The task is complicated by the fact that, like Australia, BC anticipates demand for energy to soar by up to 45 per cent over the next 20 years. So in 2007, it implemented a couple of hard and fast rules to meet what it calls the “hydro gap” of nearly 30,000 gigawatt hours of electricity by 2025 – two thirds of that demand will be met through energy efficiency measures and energy conservation, while renewables will account for 93 per cent of new energy build.
 
Janice Larson, the director of renewable energy development at the province’s Ministry of Energy, Mines and Petroleum Resources, explained the strategy in a presentation at the EcoGen conference in Sydney last October. She said the province is implementing ambitious green building codes and fuel efficiency standards, and is also looking at direct funding and large-scale feed-in tariffs to encourage the exploitation of its solar, wind, wave, tidal, and biomass resources, and its active hydrogen cell industry.
 
“The clean energy vision really starts with proactive energy efficiency and conservation, since the cheapest and cleanest energy is the energy you save… and the more you can save, the less new energy you’ll need,” she said. “It seems like a pretty good foundation upon which to develop a clean energy vision.”
 
The carbon tax is revenue neutral, where money raised is returned via tax credits and incentives.

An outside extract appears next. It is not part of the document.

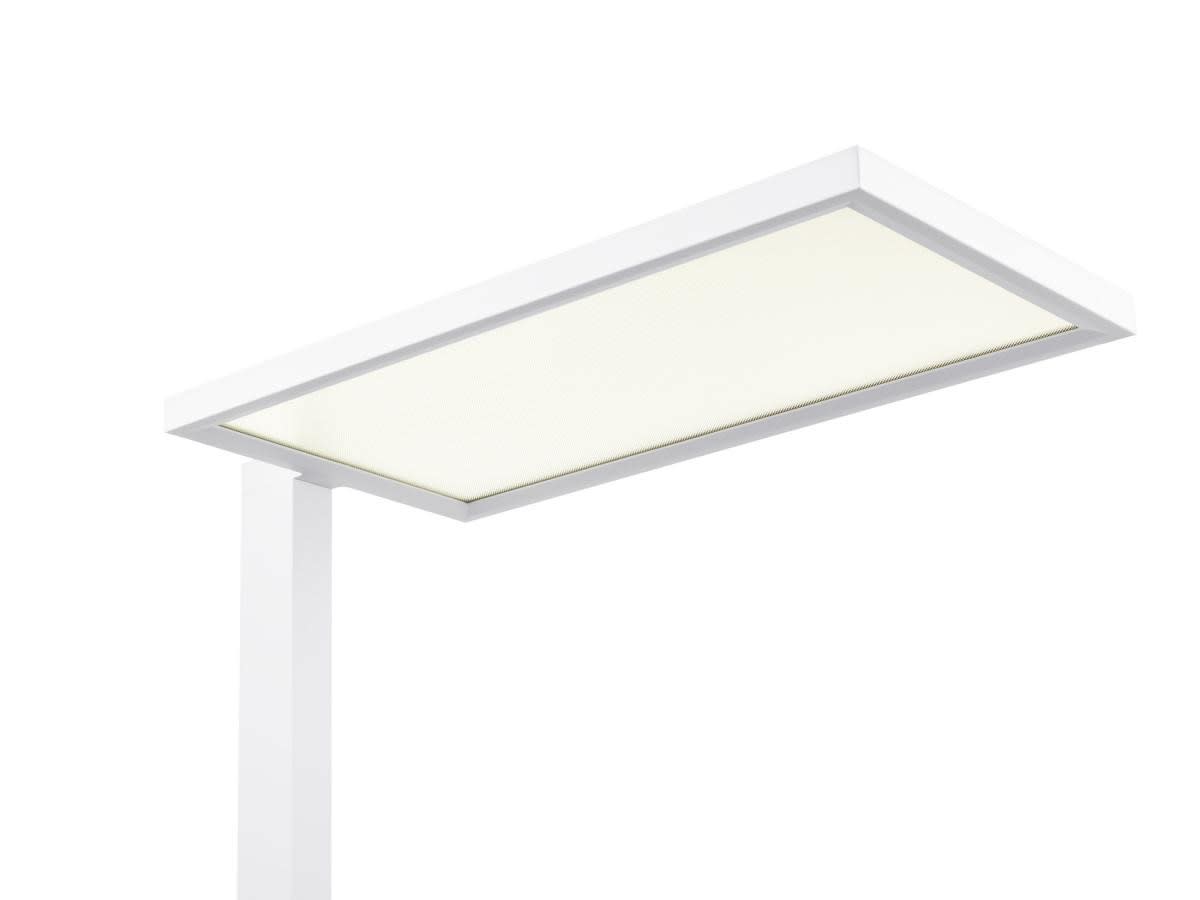 WORKLIGHT EASY - une solution d'éclairage simple pour les postes de travail des bureaux modernes. Grâce à sa lumière qui n'éblouit pas (UGR < à 19), son efficacité lumineuse de 119 lm/W, son IRC (Indice de Rendu des Couleurs) > à 90 et sa durée de vie de 50 000 h (L80B10), elle répond à toutes les exigences en matière d'ergonomie au travail. Avec son bouton rotatif très pratique, elle est dimmable en continu, offrant ainsi un éclairage convivial, flexible et simple.

And BC – a province that, like Australia, has traditionally relied on commodity exports such as pulp and paper, forestry, mining and metallurgical products – now also boasts the world’s third biggest cleantech market, after California and Germany’s Rhine Westphaalia.
 
Larson noted that BC’s cleantech sector (not including hydro) currently employs more than 22,000 people and generates revenues of more than $2.5 billion. “We are looking to the low-carbon economy of the future,” Larson told the EcoGen conference. “We favour proactive policies, we see the the green economy as a local and a global economy, so everyone can and should be part of it.”
 
The point is that BC, which already has the lowest emissions per capita in north America, is still seeking to cut the remaining emissions - centred around transport (36 per cent), fossil fuel extraction (18 per cent), other industry (19 per cent) and buildings (11 per cent) by a third, and is using a carbon price to do so. These are areas that remain largely untouched by Australia's carbon price. It hasn't weakened the BC economy at all, and the province now has a new industrial sector to boast of and to provide jobs.
 
No wonder it is such a scary proposition to the anti-carbon price brigade. And all this from a right-of-centre government. It must be a plot.